Bang The Head Records

Lorsqu’on parle de Metal japonais des années 80 en espérant des exemples, les yeux s’écarquillent, et les doigts grattent les crânes. Le nom de LOUDNESS vient évidemment assez facilement, celui d’EZO moins, et même en attendant un peu plus longtemps, on a rarement le droit à VOW WOW ou X-JAPAN. Mais si d’aventure, le sujet se précisait autour du Thrash nippon, les langues se lieraient immédiatement, et les expressions resteraient coites. Certes, on ne peut en vouloir à nos interlocuteurs de ne pas être capable de citer un seul nom, puisque les sorties extrêmes de l’époque étaient réservées au marché national. Pourtant, dans les années 80, le Japon a versé une large obole à la cause Thrash, notamment via ses deux représentants les plus nobles, OUTRAGE et DOOM. Les premiers se contentaient d’un formalisme californien de bon gout, tandis que les seconds s’autorisaient un psychédélisme à la VOÏVOD pour devenir le combo le plus culte du créneau au pays du soleil levant. D’autres acteurs s’agitaient dans l’underground, et certains sévissent toujours, dont les JURASSIC JADE qui nous avaient gratifiés en 1989 d’un Gore qui ne méritait pas son titre, et qui faisait l’apologie d’un Thrash assez diffus, pour le moins original. Comble de la distinction, le groupe pouvait s’enorgueillir à l’époque de laisser une femme tenir le micro, ce qui était chose plus que rare dans le Thrash, genre viril dominé par les hurleurs masculins. Mais avec la présence d’Hizumi au micro, les japonais se distinguaient clairement de leurs rivaux, et imprimaient leur nom au fer rouge dans les mémoires. Il n’est d’ailleurs pas étonnant qu’ils aient été considérés pendant longtemps comme l’équivalent nippon des DETENTE, ce qui reste encore aujourd’hui une comparaison viable.
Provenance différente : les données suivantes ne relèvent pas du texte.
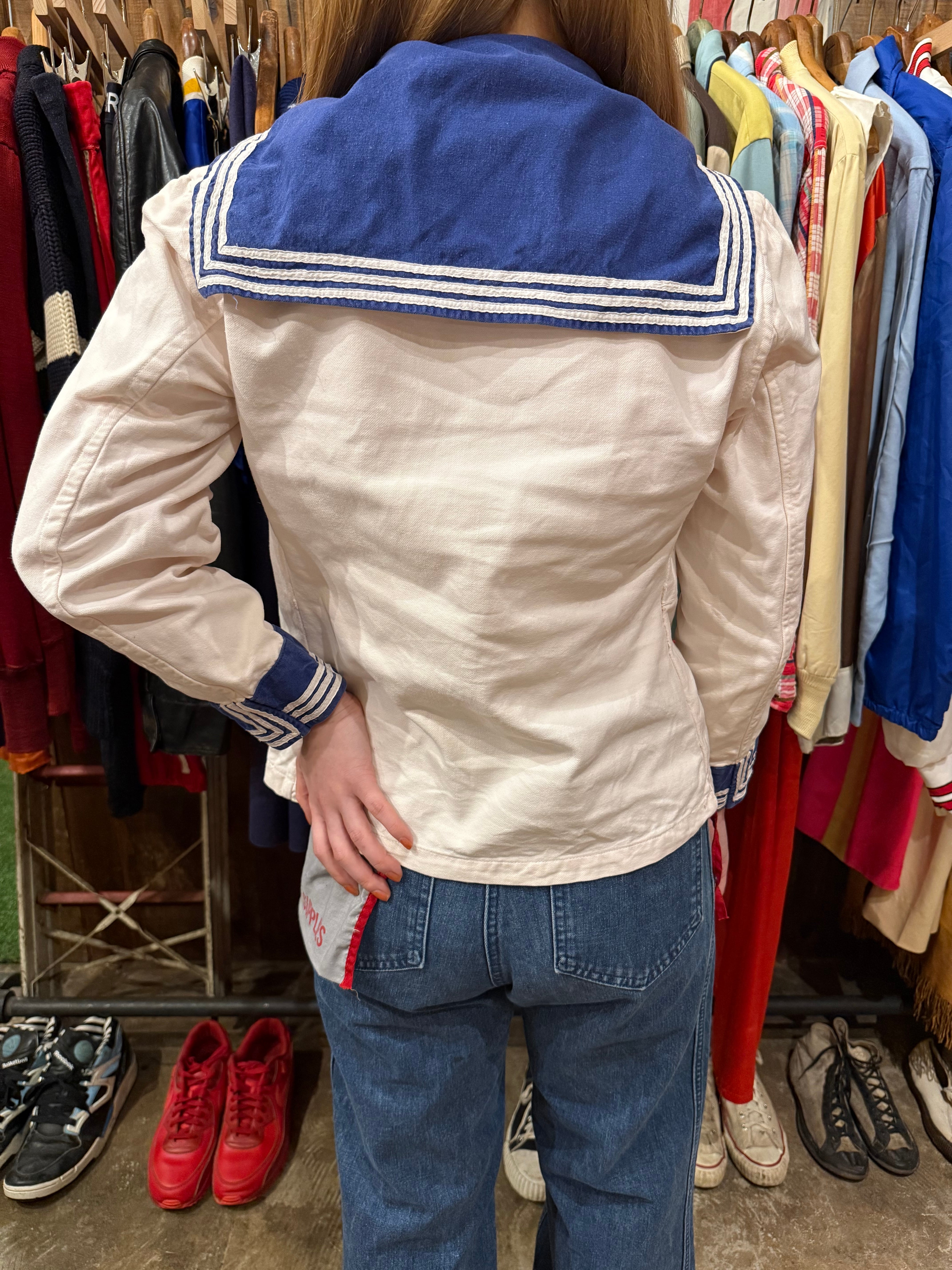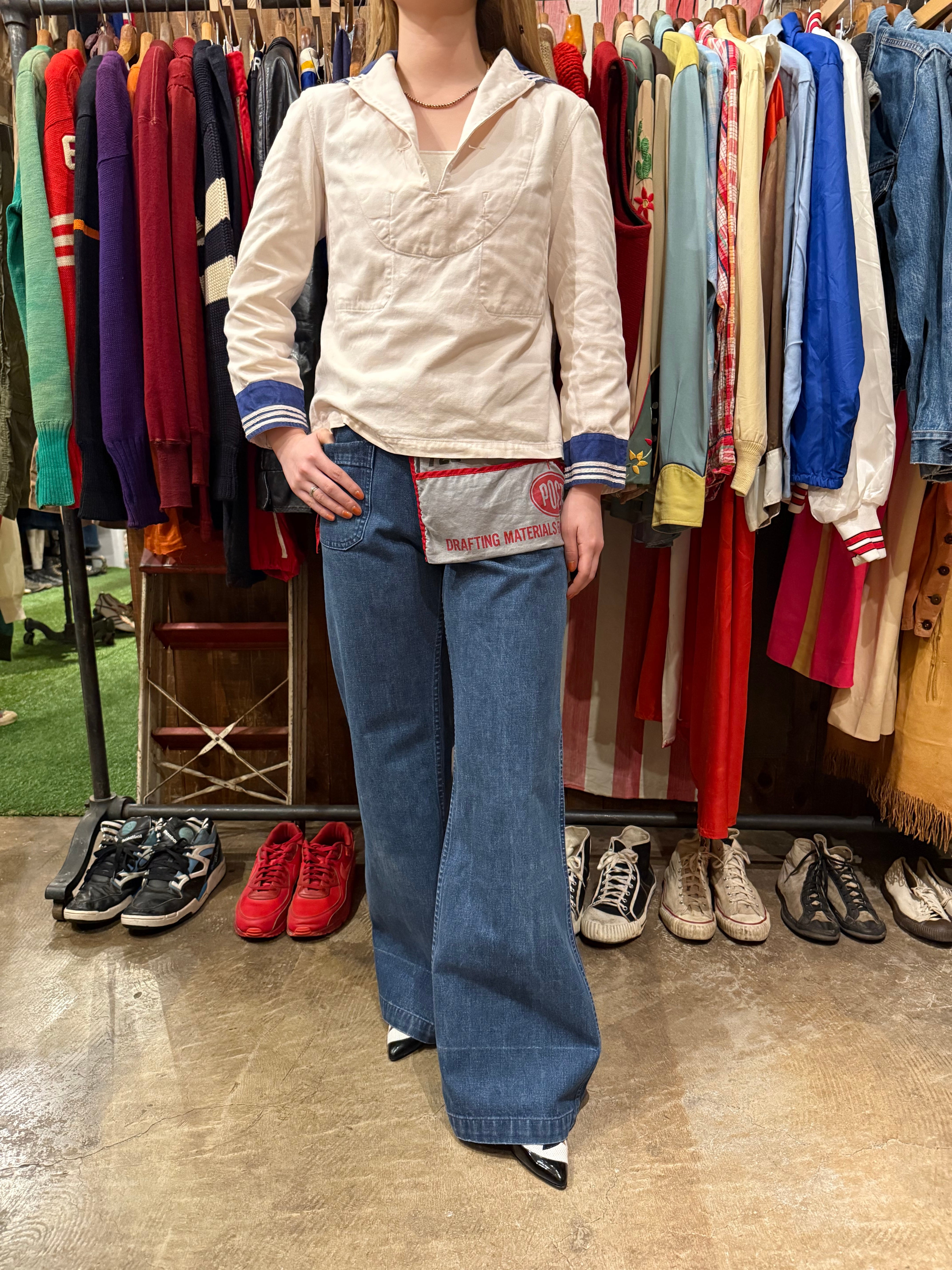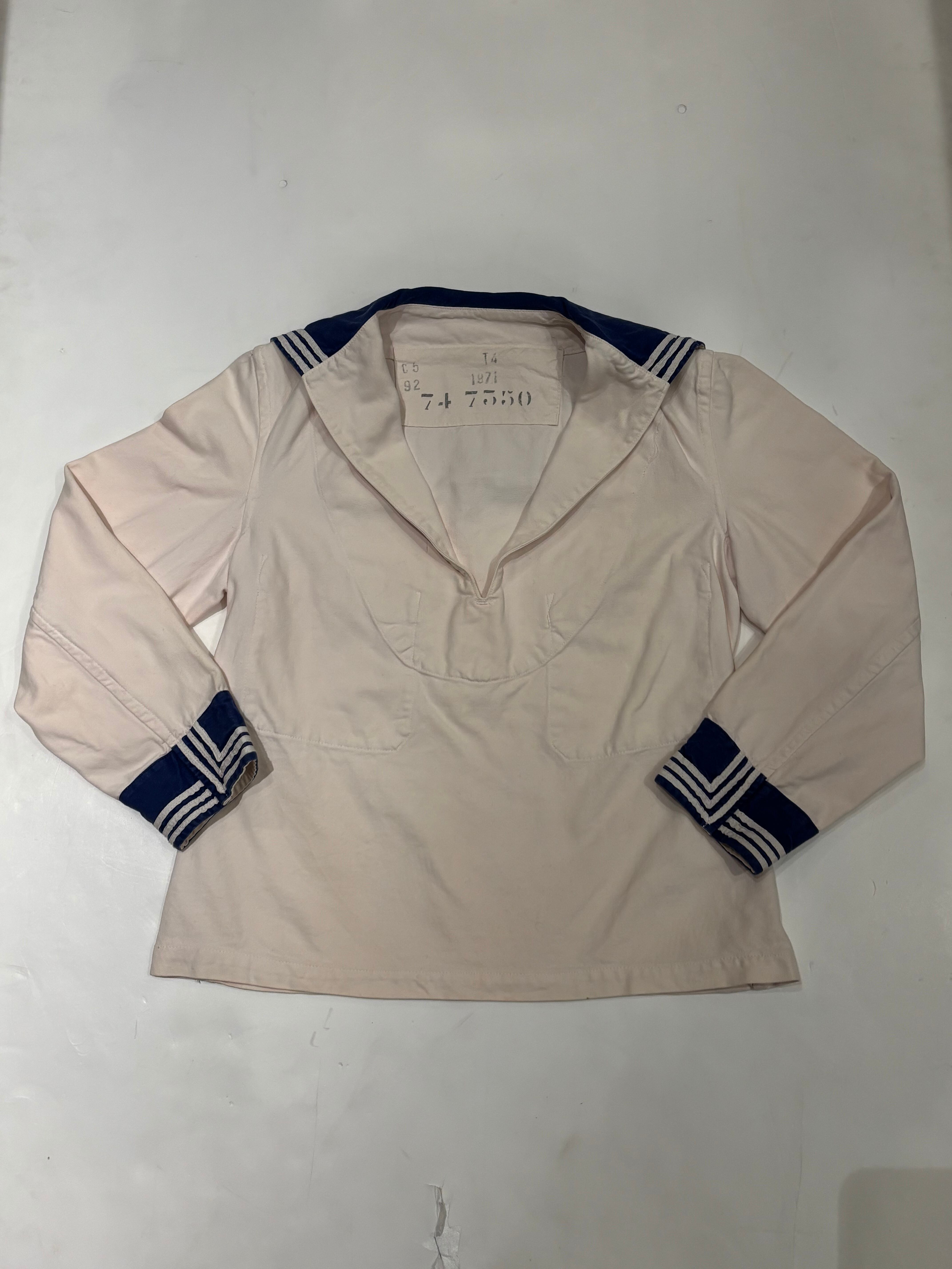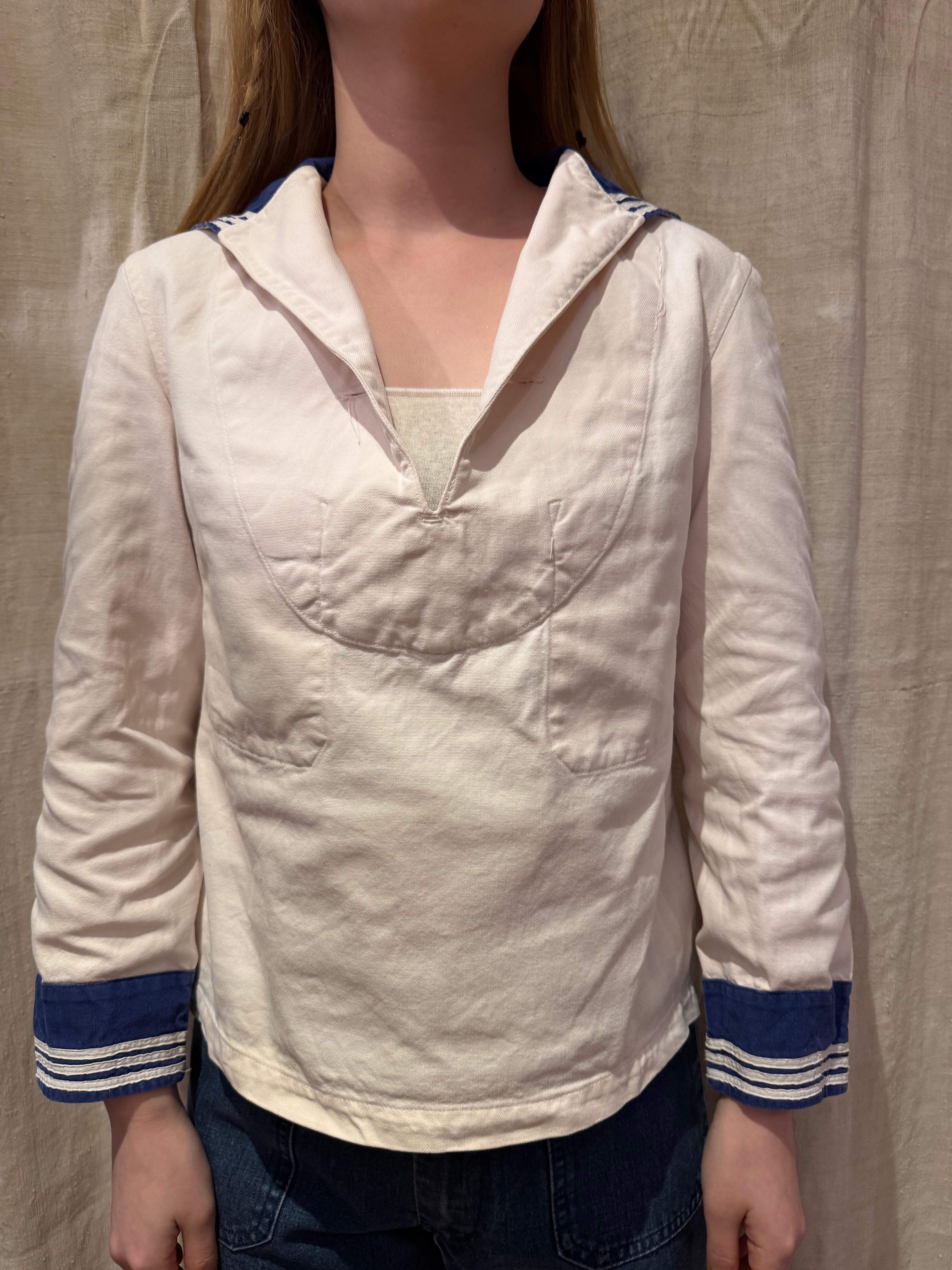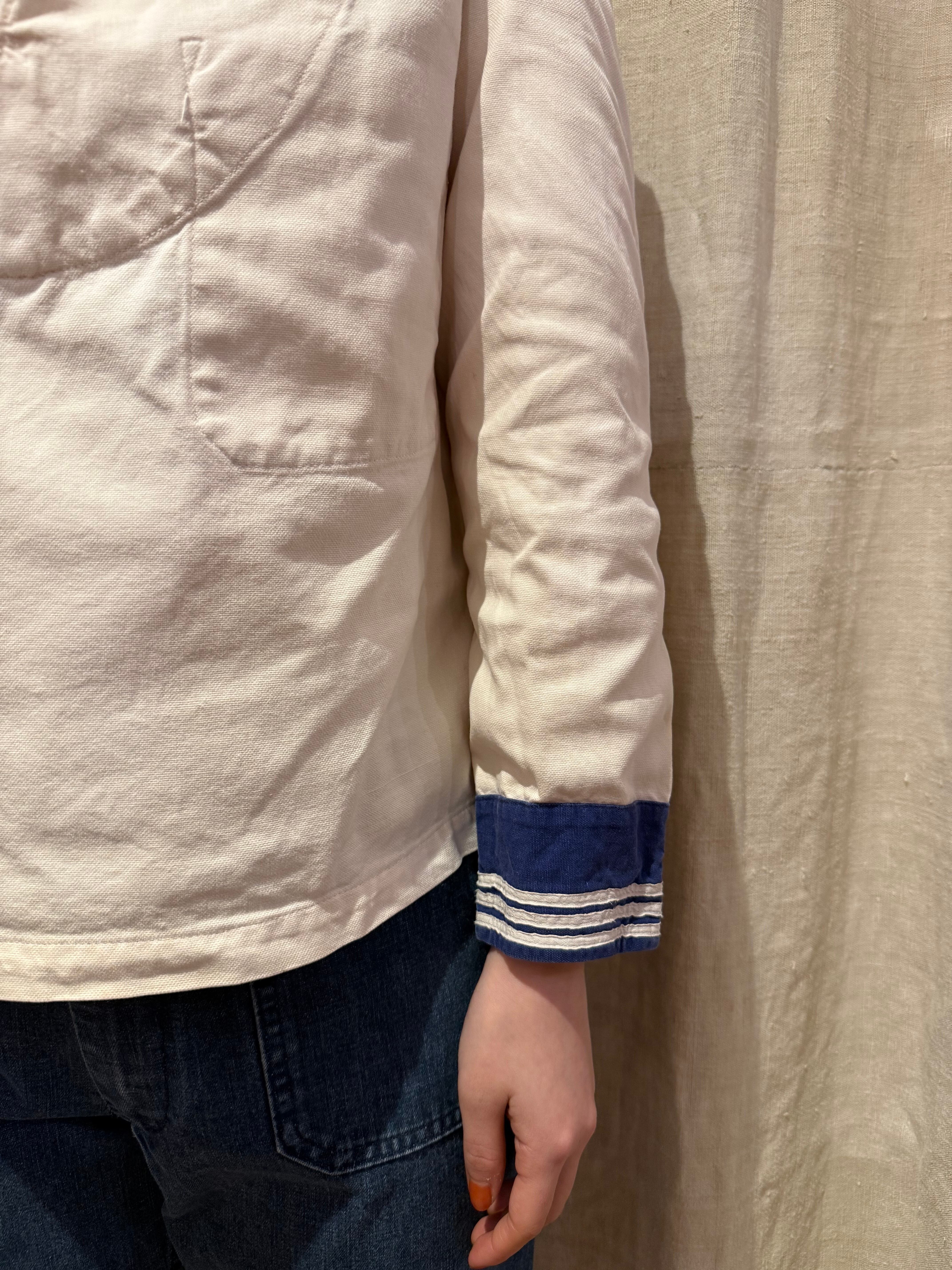 セーラーシャツでございます。ホワイトにネイビーの切り替え、三本ラインが印象的な一着。当時の作業に支障をきたさない為にポケットは内側についた仕様になっています。ダック地のような、程よくしっかりとしたコットン生地で伸縮性はなく、プルオーバーなので着脱はしにくいですが、ざっくりと空いた襟のデザインが可愛らしいです。空いたデニムやスラックスにさらっと合わせるだけでも良い一着です。

Et à l’image d’OUTRAGE qui continue de ruiner les scènes aujourd’hui, JURASSIC JADE n’a jamais rendu son sabre, et a terminé l’année 2020 en publiant son sixième album en 2020, six ans après son dernier EP Kiten paru en 2014. Même si le groupe a marqué quelques pauses dans son histoire, la dernière a clairement été la plus longue, à tel point qu’on commençait à le croire hors course. Mais fort heureusement, Id est venu effacer nos doutes de sa puissance, et incarne le retour en forme d’un des groupes les plus à part de la scène de l’est. Et ce qui est encore plus extraordinaire à leur propos, c’est que leur formation n’a que peu évolué depuis leurs débuts, puisqu’on retrouve au sein du line-up trois membres d’origine, Haya (batterie), Nob (guitare) et bien sûr Hizumi (chant), ensemble depuis 1985 et la genèse du combo, soutenus par la basse du petit dernier Watanabe, enrôlé en 2018. Belle longévité donc pour JURASSIC JADE, mais la durée n’étant rien sans la qualité, on attendait d’en savoir plus avant de louer leur comeback, qui peut aujourd’hui être entériné par la hargne et la violence de cet Id.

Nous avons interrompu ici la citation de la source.